Through this lens, I examine the lives of these teachers and how they negotiate meanings of race, class and gender and the dominant discourses of schooling as they make new meanings for themselves as teacher-learners.
3.5.3 Lens 3: Practices of self-directed learning and change (Chapter 6)
This section of analysis is in response to the third sub-question: How do the meanings of teacher-learner inform teachers’ learning practices? I use Evans’s (2002) concepts of professionality and professionalism, combined with Bell and Gilbert’s model on professional learning (1996), as a lens for examining the practices of self-directed learning and change of teachers in post-apartheid South Africa. Given that professional development and continuous professional development in South African public schools are externally driven, I focus on how teachers as “initiators of change” take responsibility for their own learning and identify spaces within which their learning takes place (Day et al., 2002).

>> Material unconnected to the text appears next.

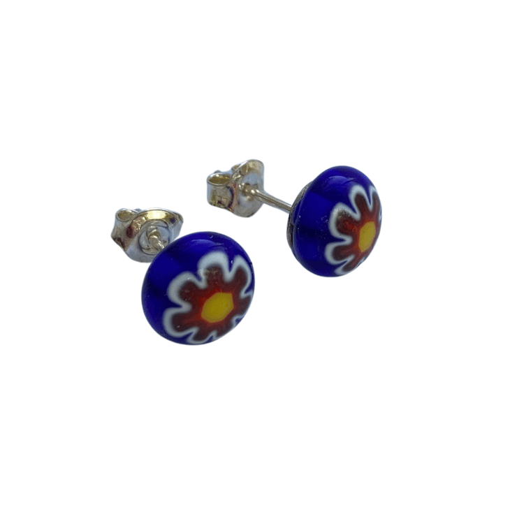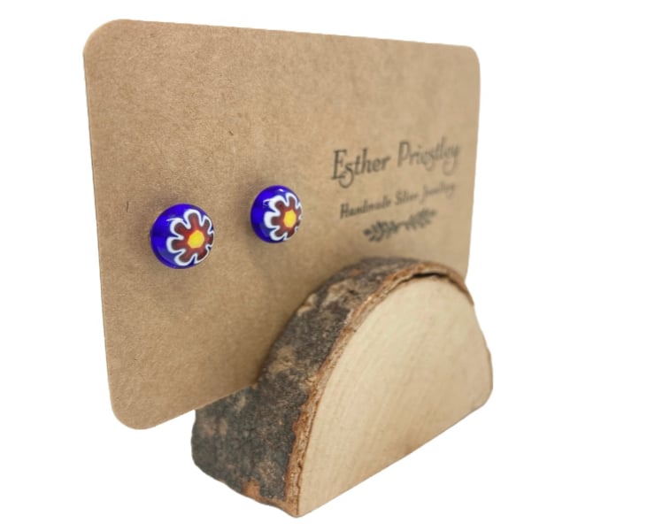 Pretty handmade stud earrings featuring a red and yellow flower on a bright blue fused glass base, mounted onto sterling silver earring posts with 925 silver butterfly backs. a perfect birthday present or gift idea for gardeners or those interested in nature.

Through the lens of socio-cultural theory of learning I explore the dynamic connection between who teachers are and how they learn as reflective practitioners, as recognised by Jarvis and Parker (2005). As teachers reflect on their learning, what meanings do they give to their practice as teacher-learners (Jarvis, 2005)? In this section of analysis I show how teachers engage with learning for change within the socio-cultural contexts of their schools. I examine the formal and informal contexts in which learning for change takes place.
I analyse how teachers engage in various practices of learning within the schooling community as they learn with others, through others and through the self. I also analyse learning that takes place outside the schooling community and how these spaces contribute to teachers’ learning for change.